Condições que causam inchaço e dor na articulação do dedão do pé

Dor e inchaço na articulação do dedão do pé, não relacionados a lesões, interferem na mobilidade e causam ansiedade. Aqui estão as causas de dor e inchaço na articulação do dedão do pé.

Condições e doenças que causam inchaço e dor na articulação do dedão do pé

1. Gota

A gota é a causa mais comum de inchaço e dor aguda, não traumática, na articulação do dedão do pé em adultos. A gota é uma forma de artrite inflamatória desencadeada pelo depósito de cristais de urato de monosódio dentro da articulação. Esses cristais se formam quando o nível de ácido úrico no sangue sobe muito — um estado chamado hiperuricemia. O ácido úrico é um produto da decomposição de purinas – compostos químicos encontrados naturalmente no corpo e em muitos alimentos como carne vermelha, vísceras, mariscos e álcool (especialmente cerveja). Quando os rins não conseguem excretar ácido úrico suficiente ou quando o corpo produz muito dele, o excesso de ácido úrico cristaliza e se acumula nas articulações periféricas mais frias, sendo a articulação do dedão do pé o local mais comum.

Condições que causam inchaço e dor na articulação do dedão do pé
Gota no dedão do pé

2. Pseudogota (doença de deposição de pirofosfato de cálcio)

A pseudogota é uma artrite cristalina que se assemelha muito à gota, mas surge de um mecanismo diferente.

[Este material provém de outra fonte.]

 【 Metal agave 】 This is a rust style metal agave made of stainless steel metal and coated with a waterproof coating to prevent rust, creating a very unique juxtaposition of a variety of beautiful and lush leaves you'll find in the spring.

Na pseudogota, cristais de di-hidrato de pirofosfato de cálcio (CPPD) — em vez de cristais de urato — se depositam na cartilagem e no líquido sinovial, provocando episódios súbitos de inflamação da articulação. A articulação do dedão do pé é menos comumente afetada do que na gota, mas a pseudogota pode realmente ocorrer lá, especialmente em adultos mais velhos.

A razão pela qual os cristais de pirofosfato de cálcio se formam nas articulações não é totalmente compreendida. Fatores contribuintes incluem idade avançada, lesão articular anterior, hipomagnesemia, hiperparatireoidismo, hemocromatose, hipofosfatemia e hipotireoidismo. Existem também formas familiares dessa condição.

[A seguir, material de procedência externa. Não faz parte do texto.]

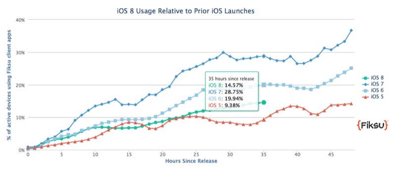 Eine Studie von Fiksu.com zeigt die Verbreitung verschiedenen iOS-Versionen nach dem Start. Im Gegensatz zu iOS 6 und iOS 7 hinkt iOS 8 noch ein wenig hinterher.

3. Artrite séptica (artrite infecciosa)

A artrite séptica na articulação do dedão do pé ocorre quando bactérias, e menos frequentemente fungos ou outros micro-organismos, invadem o espaço articular e se multiplicam dentro dele. A infecção resultante desencadeia uma inflamação severa que, se não tratada, pode rapidamente destruir a cartilagem e o osso. As bactérias normalmente chegam à articulação através da corrente sanguínea a partir de uma infecção distante (por exemplo, uma infecção de pele ou infecção do trato urinário), por meio de uma ferida penetrante, ou após um procedimento médico próximo à articulação.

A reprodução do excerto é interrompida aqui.